[Entries taken from a collection]
Segment Open

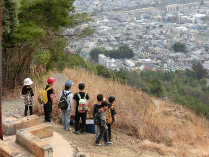 頂上からしばらく歩くと,一気に視界が開け,京都市街が一望できました。
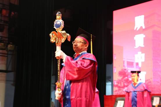 中午15:00整,院长刘中华教授执伟德bv国际体育权杖,与14位主礼教授入场。庄严肃穆的国歌声响彻会场。
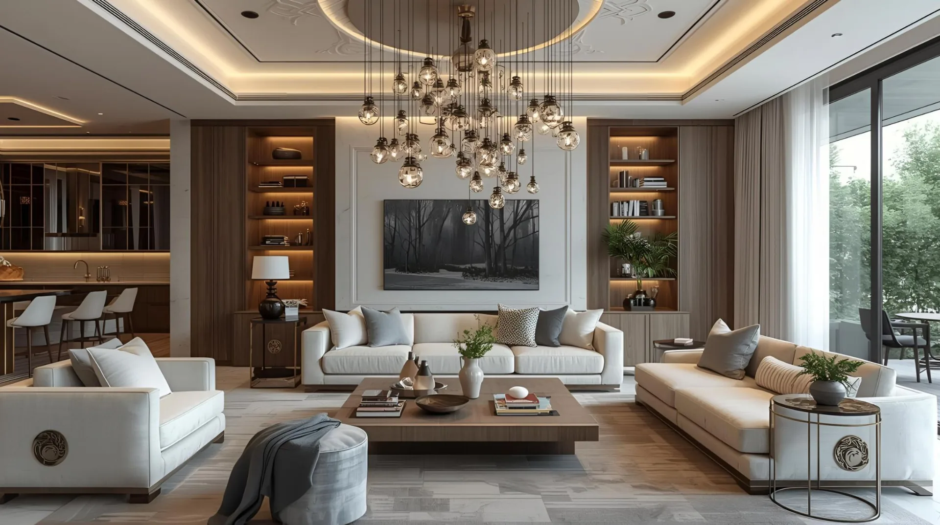 False ceiling, wall treatments, lighting, furniture, décor, and layout styling.
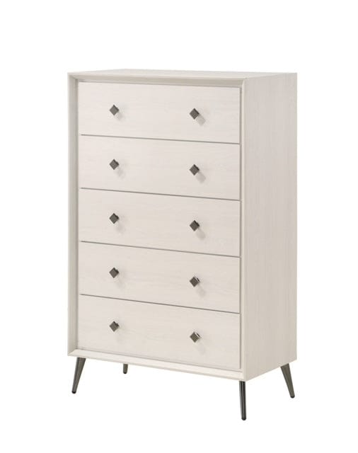 This luxurious set, crafted from tropical hardwood (MDF and veneers), features a white washed finish.
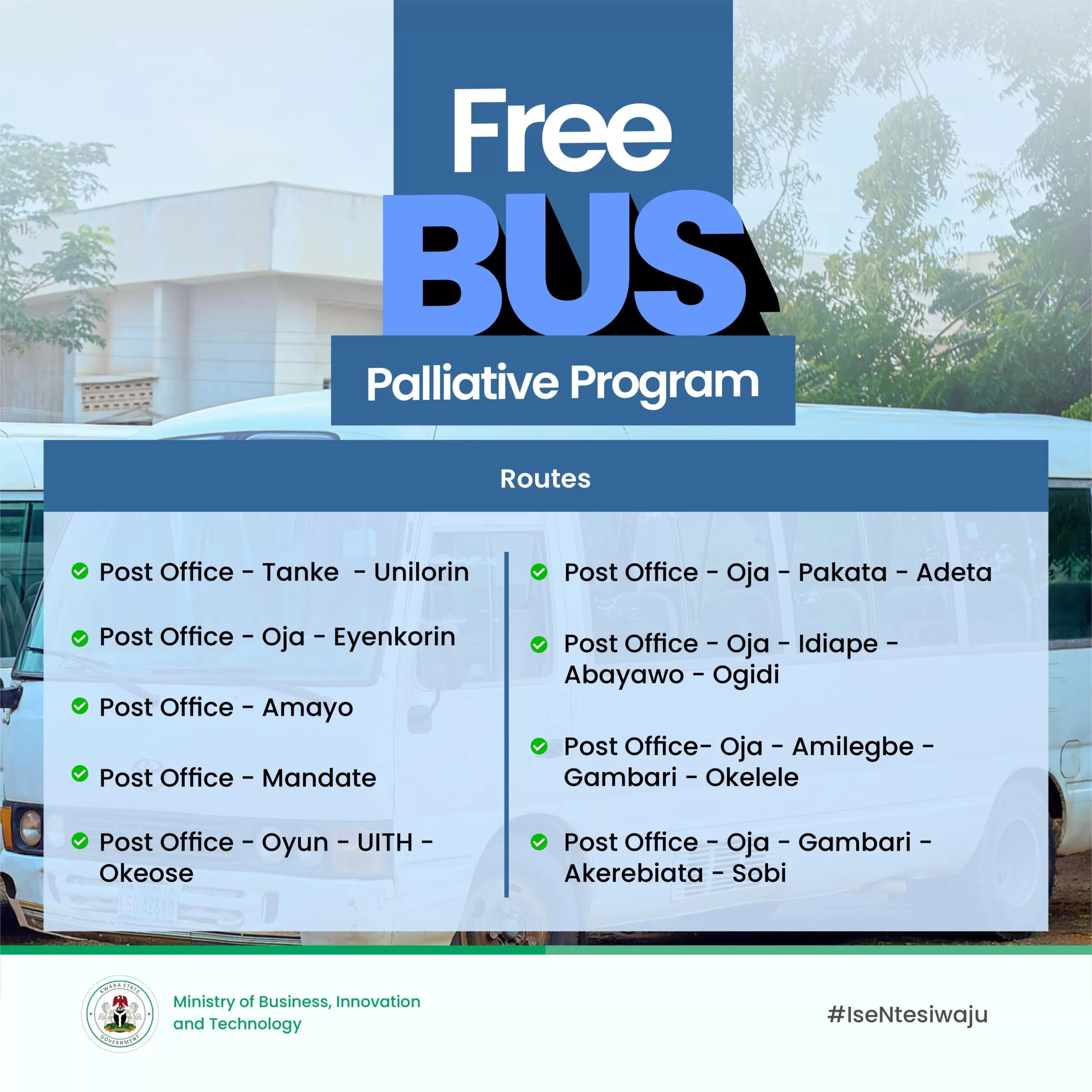 In a recently released price template by the Ministry of Business, Innovation and Technology, the government announced that buses transporting residents from Post Office to Tanke, Unilorin, Oja, Eyenkorin, Amayo, and others will be free.
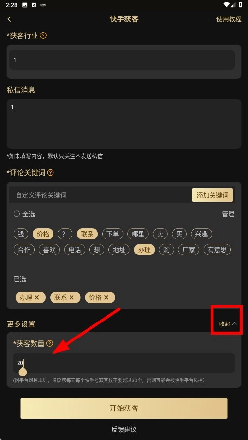 3、打开更多设置选项,填写【获客数量】这一内容,从而完成获客相关参数的设置。
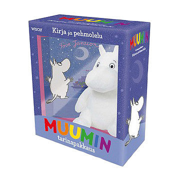 Pakkaus sisältää Muumin kuutamoseikkailu -kirjan ja Muumi-pehmolelun, jonka korkeus on 13 cm.
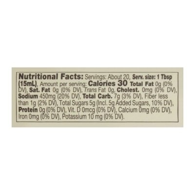 PRODUCT DETAILS: USDA Organic. Soy free. Gluten free. Certified Organic by QAI. Vegan. Keto. Paleo. Non GMO Project verified. nongmoproject.org. Made with coconut aminos. Organic Teriyaki Sauce: Big Tree Farms Teriyaki marinade & sauce is your secret ingredients that takes meals from so-so to teri-iffic! Powered by Coconut Aminos: A nourishing soy sauce replacement. Made from Nira, the nectar of the coconut flower, coco aminos are rich with essential amino acids, low glyremic and with almost half the sodium of soy sauce. No refined sugars. Shake up & enjoy. Nira comes from here, the beautiful blossoms of the coconut tree. Whole 30 Approved. bigtreefarms.com. Share your own recipe! Facebook. Twitter. Instagram. Find fun, simple healthy & delicious recipes at bigtreefarms.com. Control Union fair choice social and fair trade standard. Product of Ball Indonesia.
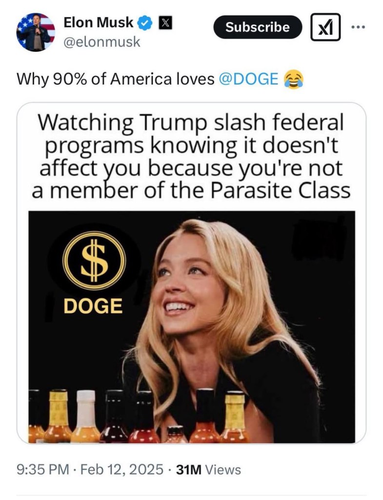 “Elon just called every federal employee, and everyone who benefits from a federal program, a parasite.“

Segment Closed

- Work instructions: Restate the lines above from the one containing "In a recently" through the one containing "Pakkaus sisältää Muumin", inclusive, exactly and without pictures.

- Expected answer:
 In a recently released price template by the Ministry of Business, Innovation and Technology, the government announced that buses transporting residents from Post Office to Tanke, Unilorin, Oja, Eyenkorin, Amayo, and others will be free.
 3、打开更多设置选项,填写【获客数量】这一内容,从而完成获客相关参数的设置。
 Pakkaus sisältää Muumin kuutamoseikkailu -kirjan ja Muumi-pehmolelun, jonka korkeus on 13 cm.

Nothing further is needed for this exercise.